Hydrogen is a promising environmentally friendly energy carrier. The production of H2 by water splitting could help to meet future demand, but needs efficient electrocatalysts which lower the overpotential of the hydrogen evolution reaction (HER). One abundant material for this application is molybdenum disulfide, MoS2. However, a lack of active sites within MoS2 crystals can lead to high overpotentials in alkaline solutions and limits the activity for HER.
Xinliang Feng, Technical University Dresden, Germany, and colleagues have developed nickel-doped MoS2 nanosheets to improve the number of active sites for water dissociation and thus, the catalytic activity.
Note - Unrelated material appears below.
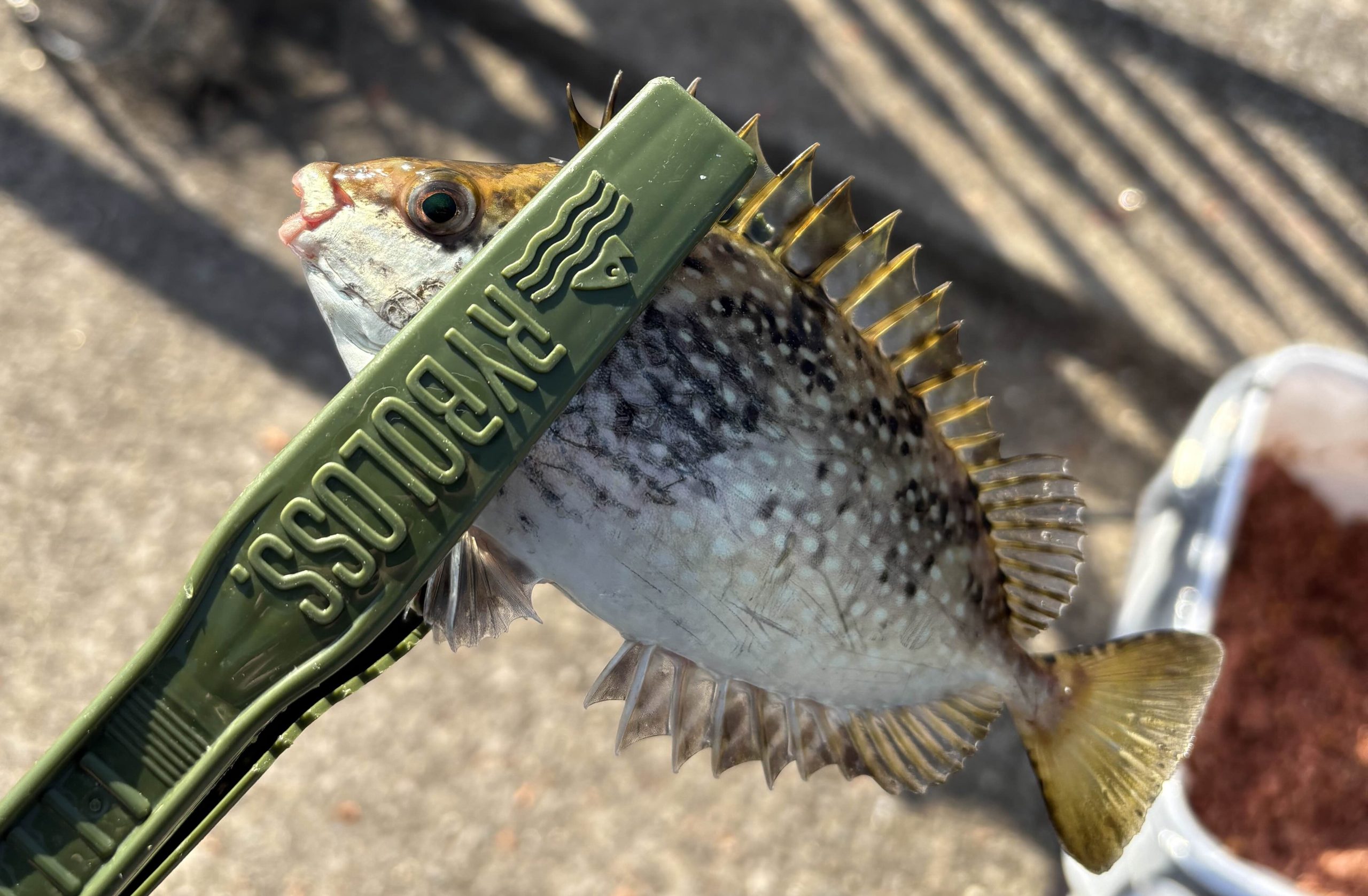 この魚の厄介な点は、背びれ・腹びれ・尻びれのほぼ全てのトゲに毒があることです。さらに、釣り上げるとビチビチと激しく暴れ回るため、針を外そうとした瞬間に手に刺さる事故が多発しています。美味しい魚ですが、初心者のうちは無理をせず、写真のように魚ハサミで挟み、プライヤーなどで針を外してリリースするのが無難です。

The team prepared the doped nanosheets by a hydrothermal reaction involving nickel sulfate, sodium molybdate, and L-cysteine. The nickel content could be tuned from around 6 mol% to 19 mol%.
The researchers tested the material’s activity as an electrocatalyst for hydrogen evolution and found a low HER overpotential of 98 mV at 10 mA/cm2 in KOH solution for a catalyst with a nickel content of 13.3 mol%. This performance is significantly better than for pure MoS2 catalysts. The nanosheets also have a good cycling stability, with the overpotential increasing by only 5 mV after 2000 cycles. According to the team, this approach could lead to efficient and robust water-splitting catalysts.
- Engineering Water Dissociation Sites in MoS2 Nanosheets for Accelerated Electrocatalytic Hydrogen Production,
Jian Zhang, Tao Wang, Pan Liu, Shaohua Liu, Renhao Dong, Xiaodong Zhuang, Mingwei Chrn, Xinliang Feng,
Energy Environ. Sci. 2016.